ここ数年、投資界隈は半導体銘柄が大きな話題となっています。

2024年6月、半導体大手エヌビディアはアップル、マイクロソフトを抜いて、時価総額世界トップに躍り出ました。生成AI「チャットGPT」が公開されたのは2022年。この短期間に、AIに使われる先端半導体を開発するエヌビディアの株価は約8倍になりました。

日本の半導体関連銘柄であるレーザーテック、東京エレクトロンも日本株をけん引する存在として、話題を振りまいています。次々と国内で新たな半導体工場の建設が進むなか、日本経済の復活のカギを握るのは半導体と言っても過言ではないでしょう。
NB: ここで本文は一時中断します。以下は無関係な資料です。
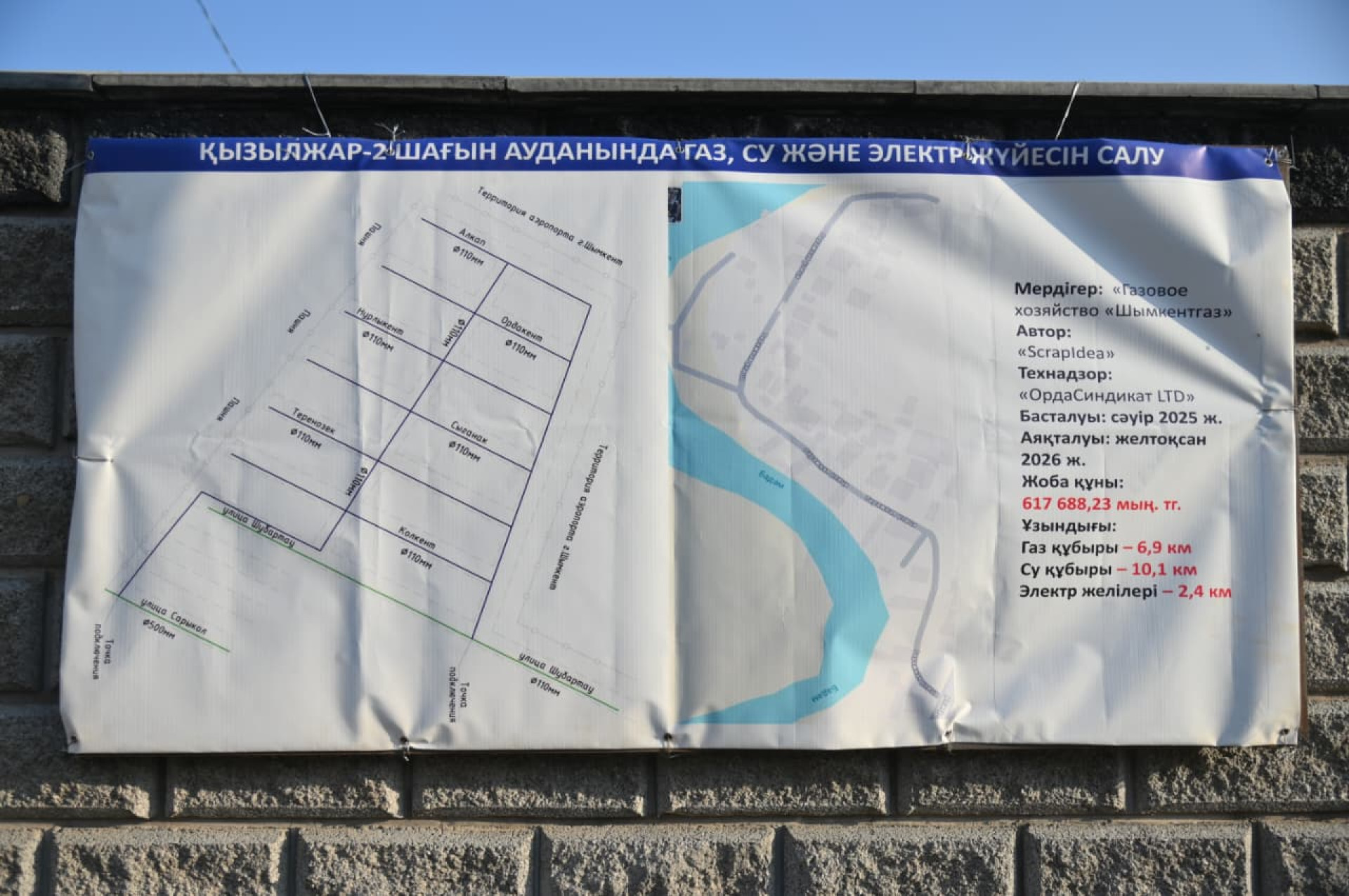 Градоначальник дал срочное поручение соответствующим структурам и поставил задачу в кратчайшие сроки обеспечить подведение коммуникационных сетей в микрорайон. Таким образом в апреле 2024 года началось строительство инженерных сетей на территории "Кызылжара-2". Проектные работы проводились на улицах Алкап, Ордакент, Нурлыкент, Сыганак, Теренозек и Колкент.

そこで、かつて世界を席巻した「日の丸半導体」を率い、また没落していく姿を最前線で見てきた元NECのトップ技術者である菊地正典氏に、技術者でなくても知っておきたい半導体を巡る最新事情を解説してもらいます。(全4回の1回目)

※本稿は、菊地正典著『教養としての「半導体」』(日本実業出版社)の一部を抜粋・再編集したものです。

失われた30年

我が国は戦後の1950年代から1970年代にかけ、重化学工業などの産業を中心として急速な高度成長を達成しました。1979年にアメリカの社会学者エズラ・ヴォーゲルが著した『ジャパン・アズ・ナンバーワン』はその一つの象徴だったともいえるでしょう。この本には、日本礼賛的な面と同時に、アメリカへの教訓・警鐘が含まれていたと思います。

いずれにせよ日本国内には全体として、戦後の復興に対する自信や達成感と同時に、油断や慢心、心の隙があったことは否めないでしょう。そんな状況の中、1970年代後半から日本製半導体の対米輸出が増加し、アメリカ国内には日本脅威論が強まっていました。

その間にも日本半導体メーカーの世界シェアは増え続け、1987年のピーク時には50%超、DRAMに至っては75%を占めるに至りました。